Hope for Justice will enable more people trapped in modern slavery in Lancashire and the surrounding area of North West England to rediscover their freedom and rebuild their lives.

The pioneering anti-slavery charity is recruiting a new team of community engagement specialists to respond to the worrying rise in human trafficking in Lancashire, with the number of possible cases having risen by more than half in the past year.

Picture shows Preston in Lancashire, one of the areas to be covered by Hope for Justice’s new team

The three new staff members will begin work in April, and will follow the charity’s award-winning holistic response to slavery, which is successfully fighting this abhorrent crime in West Yorkshire and the East Midlands and which has been launched internationally.

People are being trafficked into many forms of exploitation in the North West, through physical, financial or psychological control. People are being forced to work for little or no pay in logistics, food production and agriculture, as well as nail bars, restaurants, and car washes.  Victims are also often coerced into sexual exploitation, forced criminality and domestic servitude.

Hope for Justice will invest around £100,000 over the next year to enable its team to identify victims, support them to find a way out, and work alongside them as they begin to recover and build a new life. The team will also carry out vital preventative work by training local authorities, police, healthcare professionals and social workers, as well as businesses, groups and individuals to spot the signs of modern slavery and know how to report them.

Paul McAnulty, UK and Europe Programme Director at Hope for Justice, said: “We’ve identified an urgent need in the North West, with rising numbers of people being treated as disposable commodities and exploited for greed and profit. We find this utterly unacceptable. Wherever modern slavery exists, we will be there to stamp it out. That’s why our new team will roll out our tried-and-tested response to human trafficking, and work with our partners to banish modern slavery for good. We are absolutely committed to empowering those under the control of traffickers to rediscover their freedom, their voice and their hope.”

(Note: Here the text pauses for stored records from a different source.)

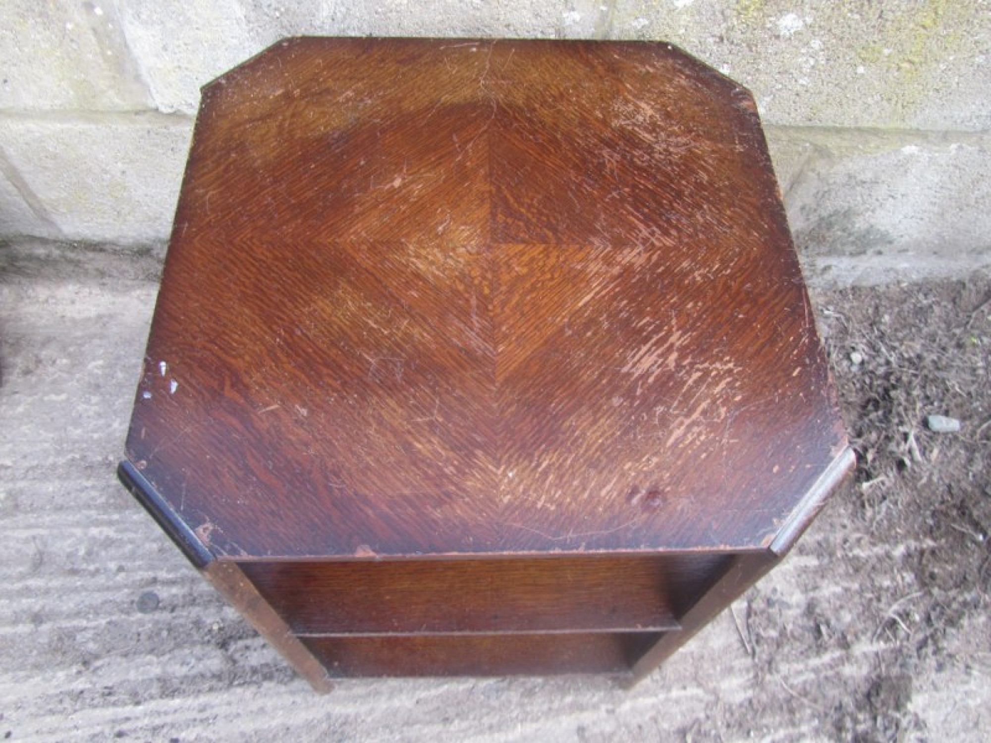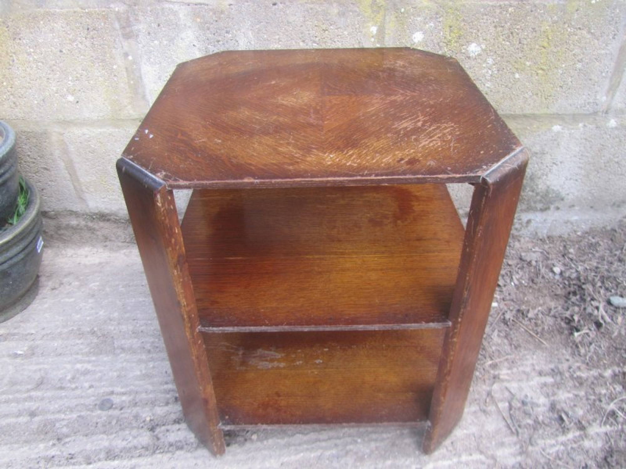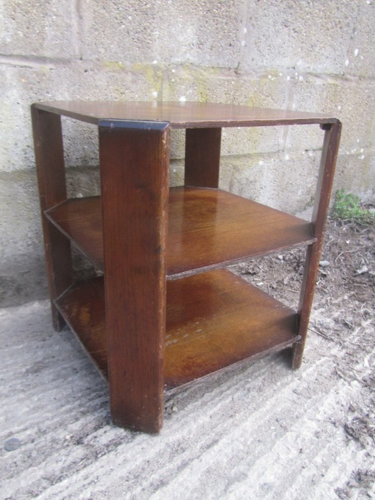 A SMALL OAK VENEERED TABLE WITH 3 TIERS, STRONG AND STURDY. A STYLISH ART DECO PIECE OF FURNITURE FOR ANYWHERE IN THE HOME. SCUFFS AND WEAR.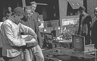 1951年,青海,农民参观没收地主的部分财物,并选择自已需要的东西,然后再根据自报公议的原则进行分配。 茹遂初摄于民和县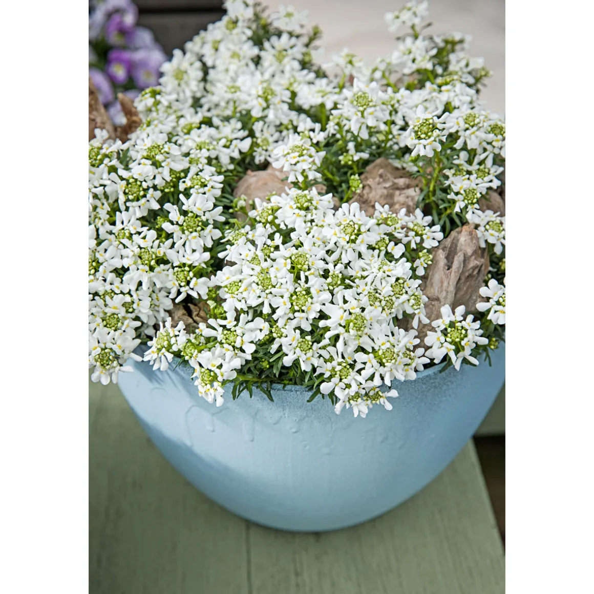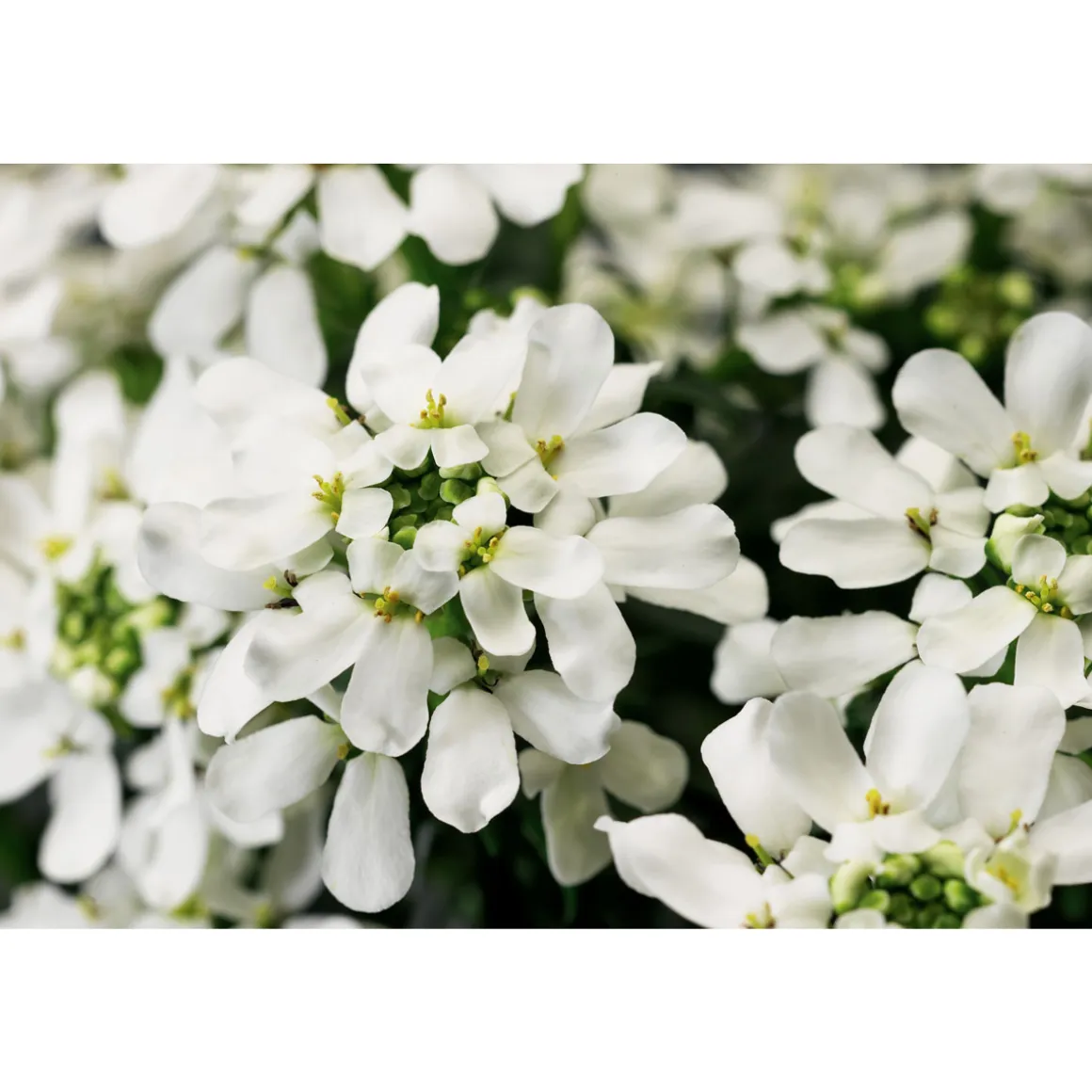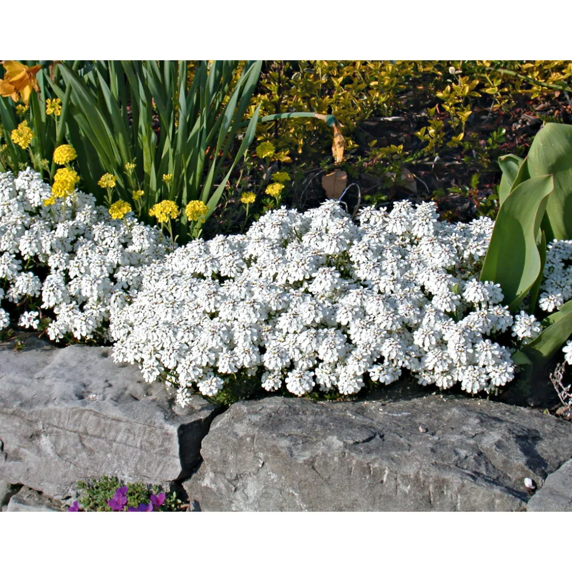 Verschiedene Sorten z.B. Schleifenblume, Blaukissen oder Steinbrech.
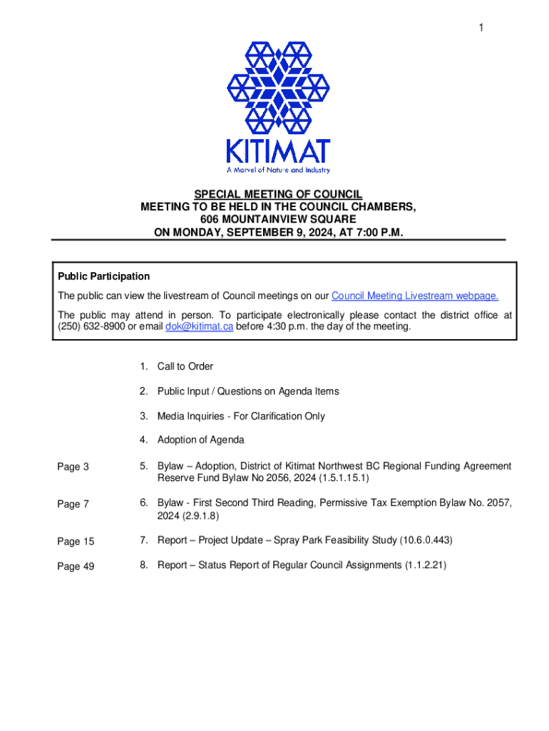 1SPECIAL MEETING OF COUNCIL MEETING TO BE HELD IN THE COUNCIL CHAMBERS, 606 MOUNTAINVIEW SQUARE ON MONDAY, SEPTEMBER 9, 2024, AT 7:00 P.M.Public Participation The public can view the livestream of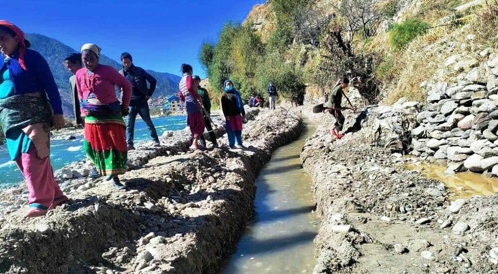 श्रमदान मार्फत मर्मत गरिएको सिँचाई कूलो । तस्बिरः सागर परियार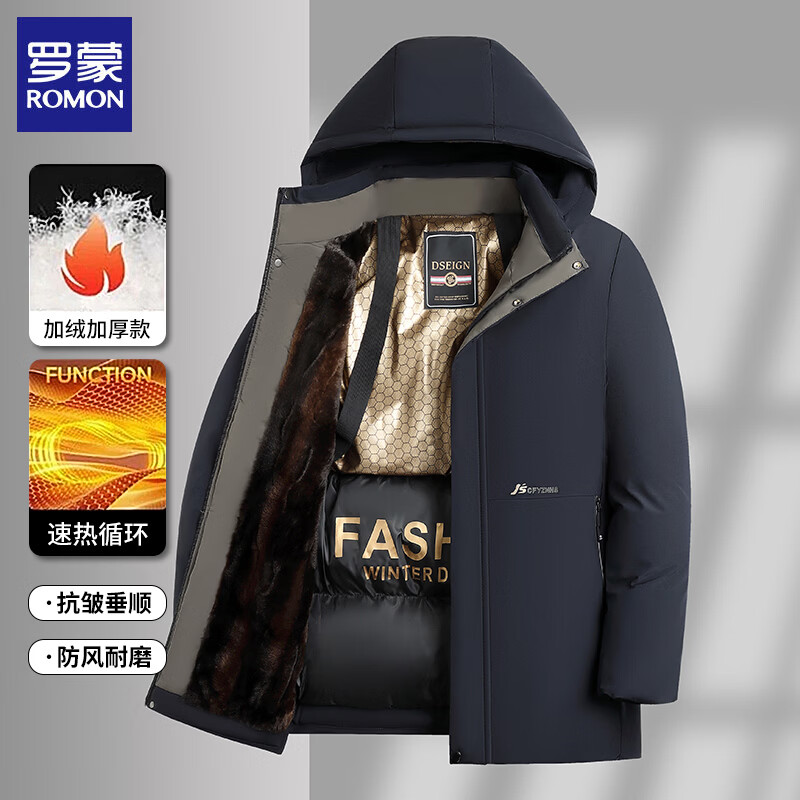 罗蒙(ROMON)【一衣多穿】中长款羽绒服男冬季新款可拆羽绒内胆加厚保暖外套男 7Y014988虾青【升级款】 XL (180) (建议135-150斤)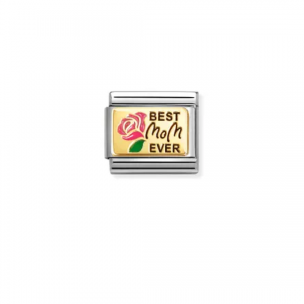 Original Nomination Composable Classic Link for Composable bracelet in stainless steel with bonded yellow gold plate with Black, Pink and Green enamel and BEST MOM EVER text. For Mom, for that special lady who is always by your side, ready to help you and support you. Surprise her with a gift that is special like her, something she can wear every day to remind her just how much she means to you!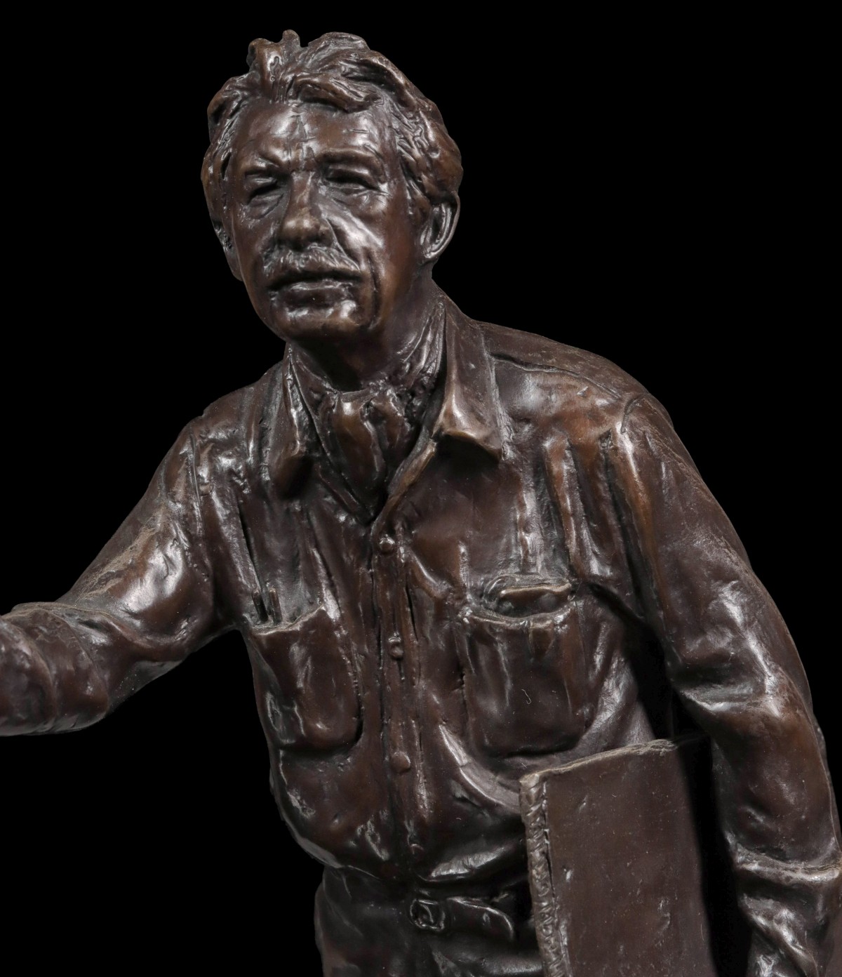 A rare bronze sculpture portrait of the American artist Thomas Hart Benton (1889 - 1975) in full stride with portfolio in hand, after the life-sized bronze installed on the campus of the Kansas City Art Institute in 1990. This model from an edition of 200 castings and numbered 28 of 200.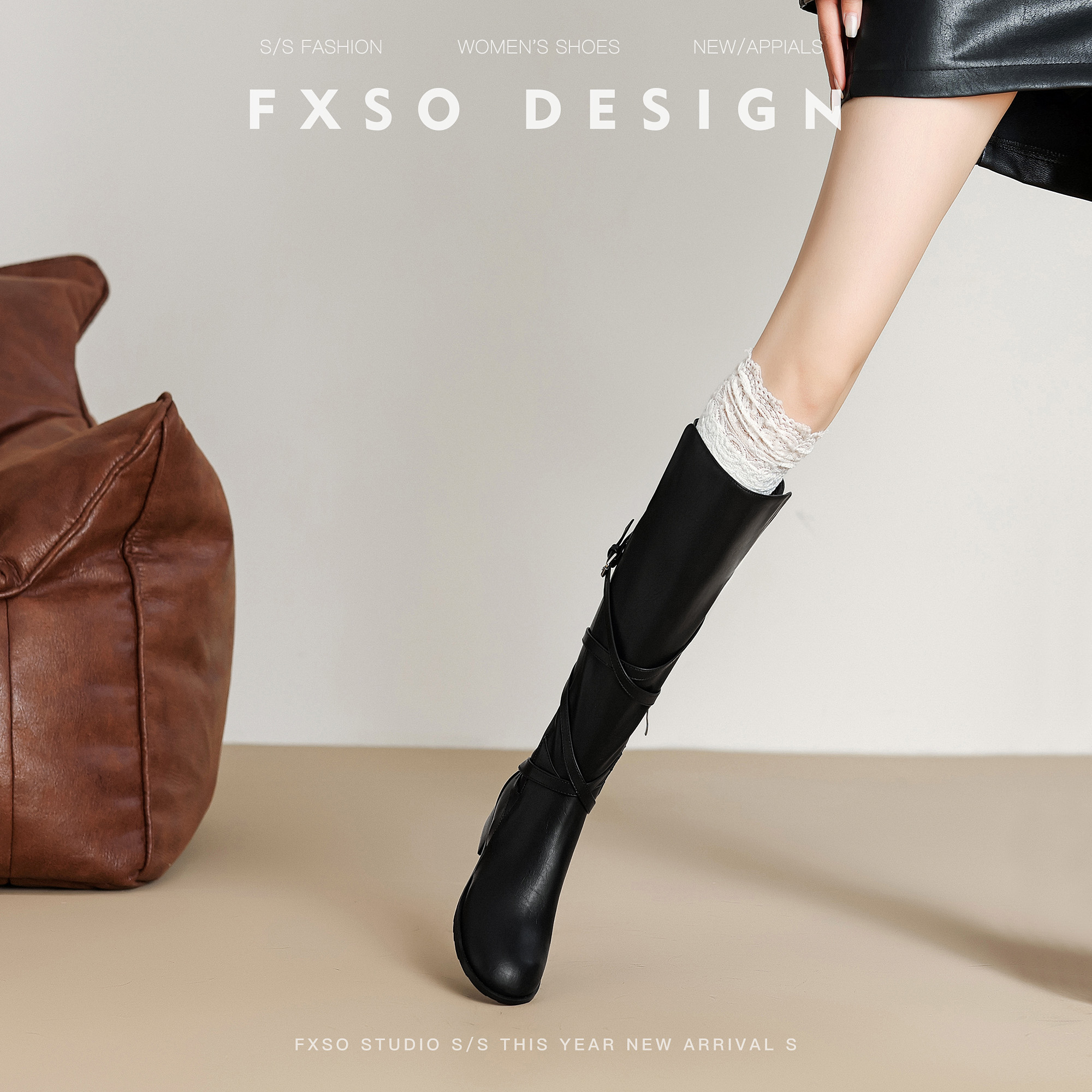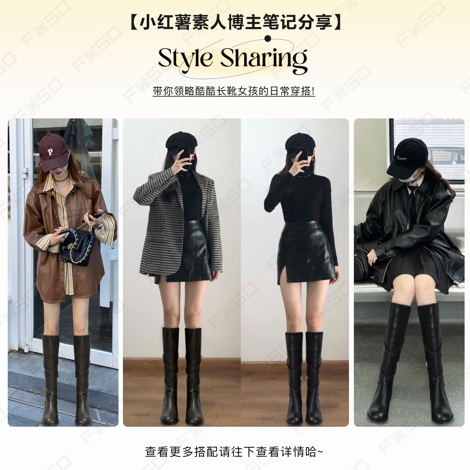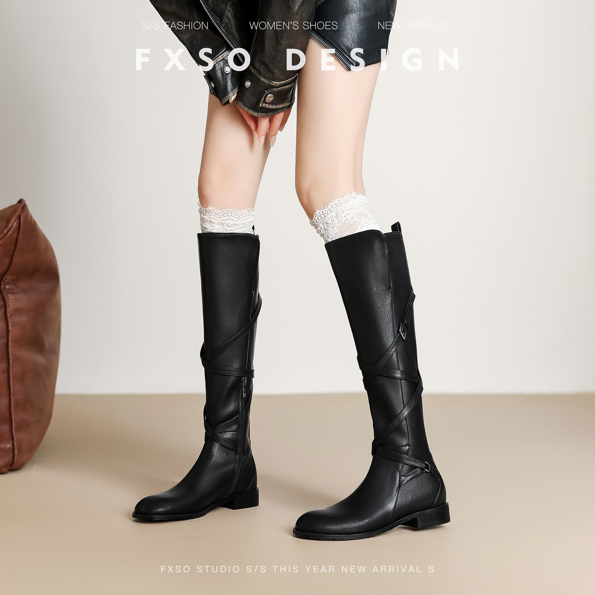 方巷大叔 真皮长靴女2025秋新款黑色靴子平底长筒靴绑带骑士靴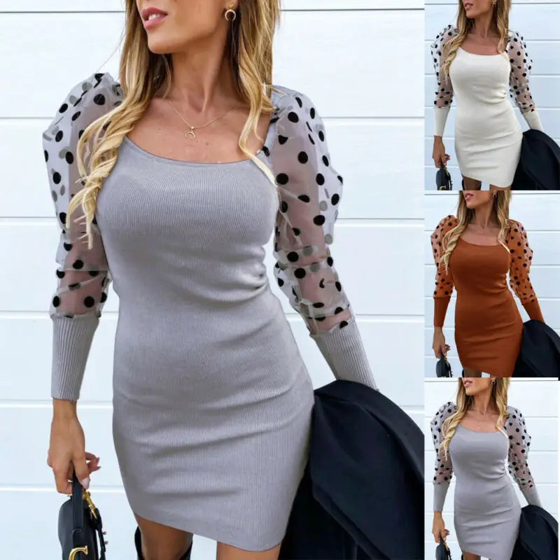 Promo Sexy Women's Sheer Puff Perspective Long Sleeve Mini Dress O-Neck Polka Dots Slim Fit Empire Pencil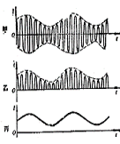 右圖是調幅裝置的示意圖.接在振蕩器和線圈之間的話筒就是一個最簡單的調制器,由聲源發出的聲音振動使話筒里的碳粒發生時松時緊的變化,它的電阻也發生時大時小的變化。所以,雖然振蕩器產生的是高頻等幅振蕩電流,但是線圈通過的卻是隨聲音而改變的高頻調幅電流.由于線圈的互感作用,從開放電路中發射的也是這種高頻調幅電流。這種電磁波叫調幅波。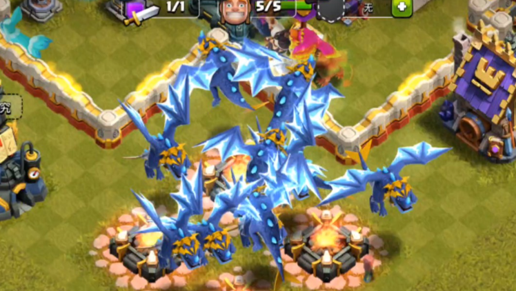 基于其连锁特性,阵型选择对雷龙流的成败至关重要。雷龙流适合攻打建筑摆放密集且易于清边的阵型,以确保其链式伤害能够最大化覆盖。应优先挑选防空火箭分散、防御建筑间距较小的阵型,这类阵型能让雷龙的连锁闪电发挥最大作用。而面对建筑松散、核心防御如地狱塔被城墙有效分割的阵型,或者防空火箭、吹风机等对空核心防御密集且错落布置的阵型时,则需要谨慎选择或改用其他流派。因为建筑间距过大会导致连锁中断,而密集的定点火力则会快速削减雷龙的数量。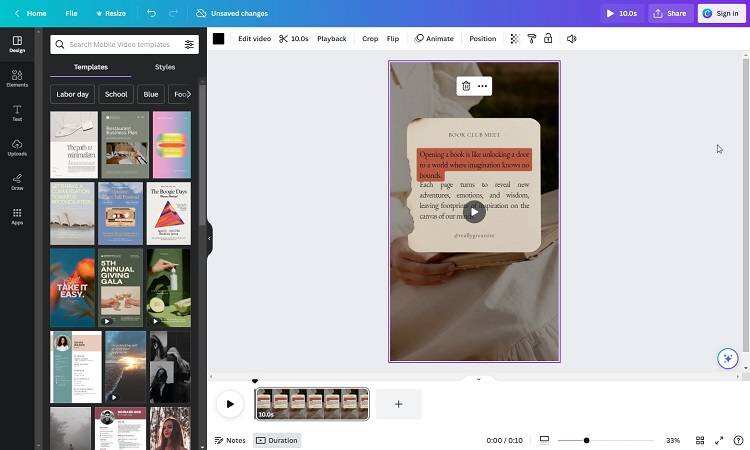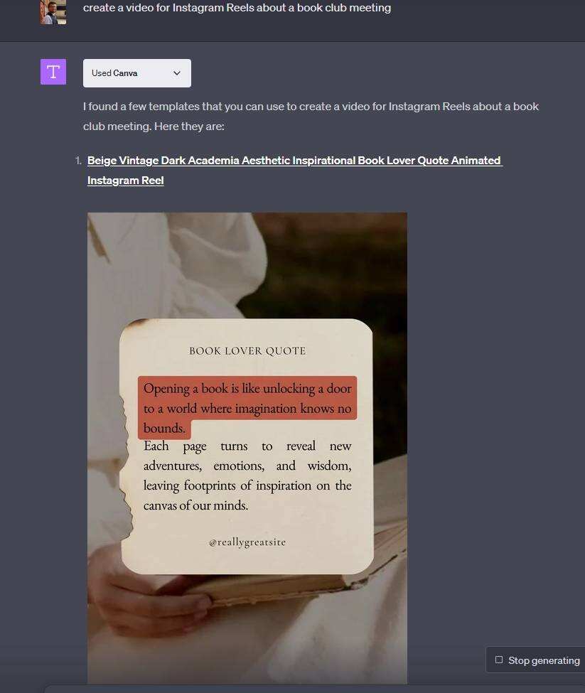 9. 最后,我们尝试使用 ChatGPT Canva 插件为 Instagram 制作 Reels 视频,邀请用户参加读书俱乐部会议。您可以直接从 ChatGPT 下载并使用该视频。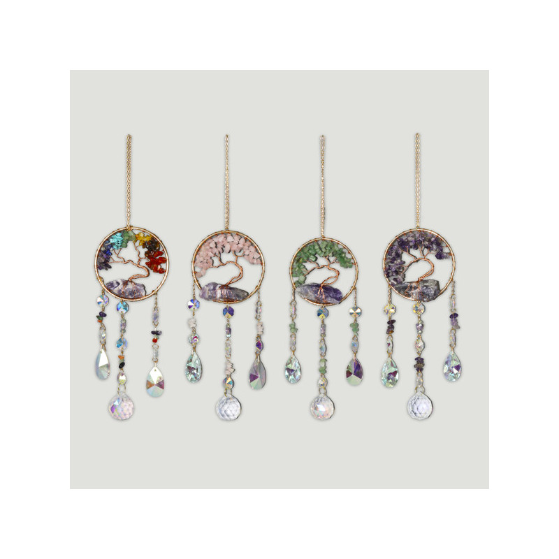 Móvil metal árbol chip/mineral en bruto con bola 9x35 cm.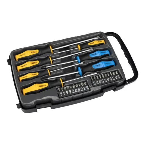 Csavarhúzó készlet bitekkel 27 db. S2 ötvözött acél, mágneses vég, ergonomikus kétkomponensű lágyított fogantyú. A készlet tartalma: 3x laposcsavarhúzó, 3x Phillips csavarhúzó, 1x csavarhúzó bitekkel, 20x csavarhúzó.

Figures from the UK government’s National Referral Mechanism (the process which formally identifies someone as a victim of human trafficking) show there were 135 people who may have been forced to work against their will in Lancashire in 2019; an increase of 55 per cent upon the previous year. However, with many victims not being identified via these official routes, Hope for Justice believes that the true numbers of people affected will be much higher.

The charity’s new team will work closely with partners including the Pan-Lancashire Anti-Slavery Partnership, Greater Manchester Anti-Slavery Network, the police, local authorities in Lancashire and Greater Manchester, and NGOs.